Stored items from a collection
■ ■ ■
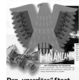
Der "unseriöse" Staat
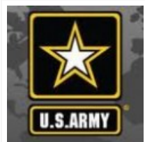
Army network modernization
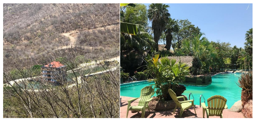
Left: Hotel for volunteers with artifical lake; Right: pool for volunteers
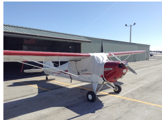
Aeronca Chief Canopy Cover
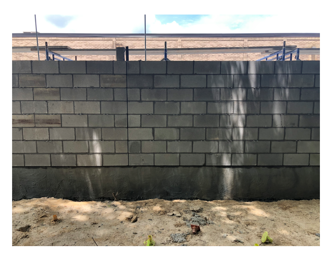
Figure 7 – Rear Wall Assembly
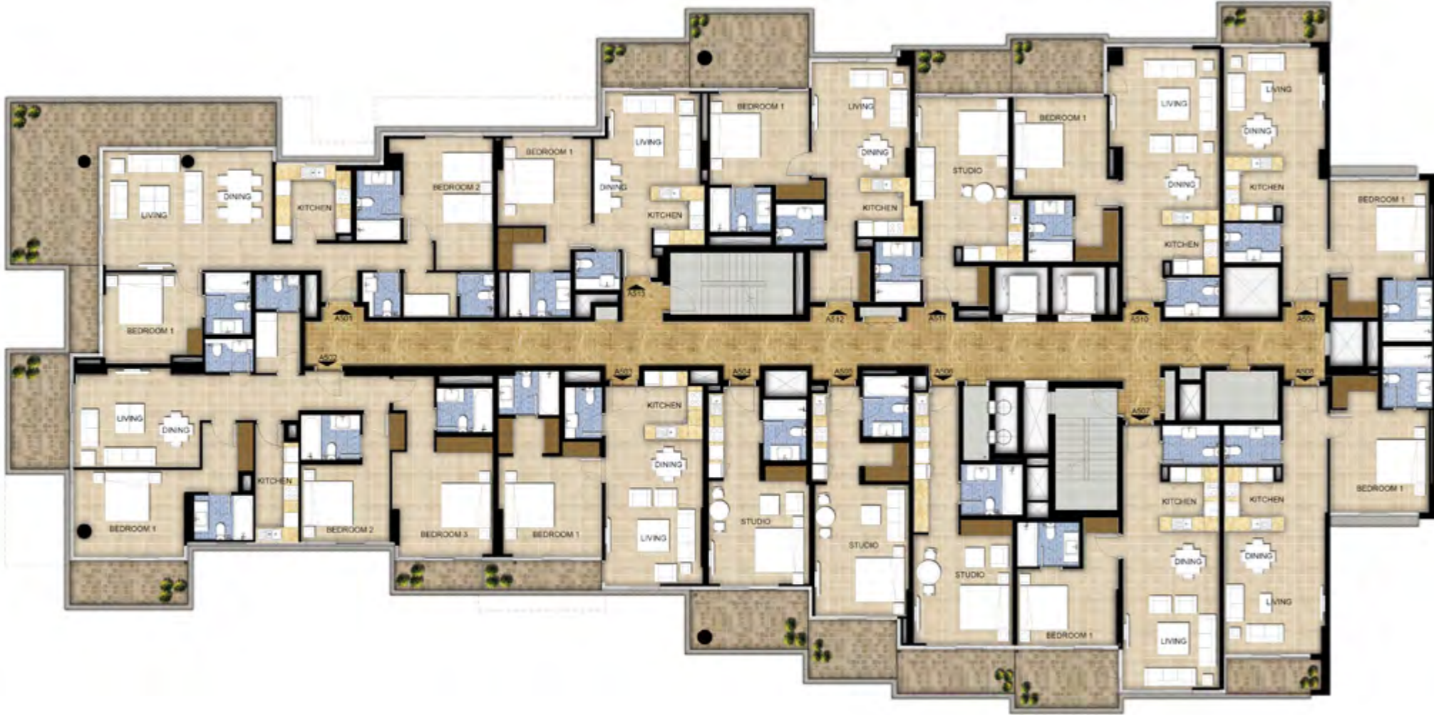
GOLF PROMENADE 3, 4 & 5 TOWER A - LEVEL 05
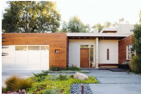
Fire resistant garden.

High Country Gardens suggestions for fire resistant plants and shrubs
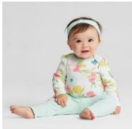
Baby Girls' 3pk Pants Cloud I... target.com
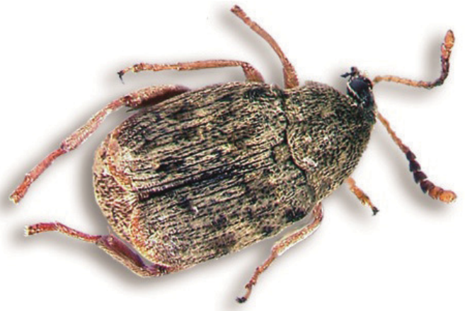
Figure 11. Bean weevil.
■ ■ ■
What to produce >>
Each line holding the word "Figure" must be pulled from the records.

Written solution >>
Figure 7 – Rear Wall Assembly
Figure 11. Bean weevil.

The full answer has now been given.